There is nothing covert about the illegal possession of guns.
__________
Bai mi nap tumara - KJ
Posted by: Peter Salmon | 15 July 2019 at 08:18 AM
The usual pointing of fingers and the offering of gratuitous advice are signs of a mere ephemeral understanding of why tribal warfare is happening.
Looking beneath the initial and justifiable horror, to suggest the simple imposition of foreign police or security force to reimpose law and order is fanciful at best. At worst, it is patronising and potentially offensive to the PNG authorities.
The hasty imposition of a RAMSI like force on the PNG Highlands is no answer. That would just be a political ‘quick fix’ that’s easy to suggest but ineffective in the long term. The real issue is complex and can’t be solved by simply throwing large lumps of taxpayer aid funds at the problem. Foreign, law enforcement operatives are not the answer, as has been proven in the past.

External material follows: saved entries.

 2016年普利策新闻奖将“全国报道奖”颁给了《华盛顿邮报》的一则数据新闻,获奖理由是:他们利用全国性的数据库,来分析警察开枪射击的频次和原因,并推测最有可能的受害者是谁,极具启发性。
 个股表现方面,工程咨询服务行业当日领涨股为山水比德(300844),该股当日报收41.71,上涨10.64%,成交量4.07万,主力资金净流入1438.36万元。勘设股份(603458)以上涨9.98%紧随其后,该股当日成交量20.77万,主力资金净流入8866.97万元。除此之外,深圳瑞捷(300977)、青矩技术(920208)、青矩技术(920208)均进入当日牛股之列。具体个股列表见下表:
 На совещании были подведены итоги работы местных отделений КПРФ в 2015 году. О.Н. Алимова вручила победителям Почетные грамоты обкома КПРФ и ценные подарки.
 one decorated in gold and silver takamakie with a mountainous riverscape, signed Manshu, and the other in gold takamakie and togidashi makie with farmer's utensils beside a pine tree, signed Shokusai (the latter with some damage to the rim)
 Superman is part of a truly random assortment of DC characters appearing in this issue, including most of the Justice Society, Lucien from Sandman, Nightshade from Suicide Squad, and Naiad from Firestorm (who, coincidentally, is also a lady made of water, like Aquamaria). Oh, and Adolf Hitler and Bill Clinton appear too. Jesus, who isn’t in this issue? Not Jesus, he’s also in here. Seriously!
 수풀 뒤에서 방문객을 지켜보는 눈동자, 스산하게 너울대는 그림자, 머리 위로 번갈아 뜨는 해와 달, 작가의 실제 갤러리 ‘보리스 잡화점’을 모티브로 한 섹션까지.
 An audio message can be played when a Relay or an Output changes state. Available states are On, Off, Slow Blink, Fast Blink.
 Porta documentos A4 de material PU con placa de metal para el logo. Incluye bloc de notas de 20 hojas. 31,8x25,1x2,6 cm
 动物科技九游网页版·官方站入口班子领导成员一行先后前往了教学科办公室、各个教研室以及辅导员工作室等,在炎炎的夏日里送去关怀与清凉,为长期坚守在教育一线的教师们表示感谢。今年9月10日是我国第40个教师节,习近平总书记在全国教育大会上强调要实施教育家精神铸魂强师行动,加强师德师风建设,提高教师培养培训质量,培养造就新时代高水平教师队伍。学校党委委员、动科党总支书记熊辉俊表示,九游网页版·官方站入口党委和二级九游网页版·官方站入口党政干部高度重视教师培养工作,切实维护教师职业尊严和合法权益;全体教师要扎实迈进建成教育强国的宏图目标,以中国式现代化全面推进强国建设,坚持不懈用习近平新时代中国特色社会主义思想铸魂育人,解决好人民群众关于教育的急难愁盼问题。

PNG desperately needs the support of friends who understand what is happening and why? PNG needs people in Canberra who are responsible for overseas aid, to take a deep breath and rethink how that aid is provided, who it is provided to and what the aid is objectively provided to do.
Potential, cosmetic visits by poorly briefed, Australian fact finders will be another waste of time and effort. It might provide great PR photo opportunities but little else. What is desperately required is a real understanding of PNG’s problems and working out achievable solutions in a collaborative, joint approach to help our nearest neighbour wherever possible.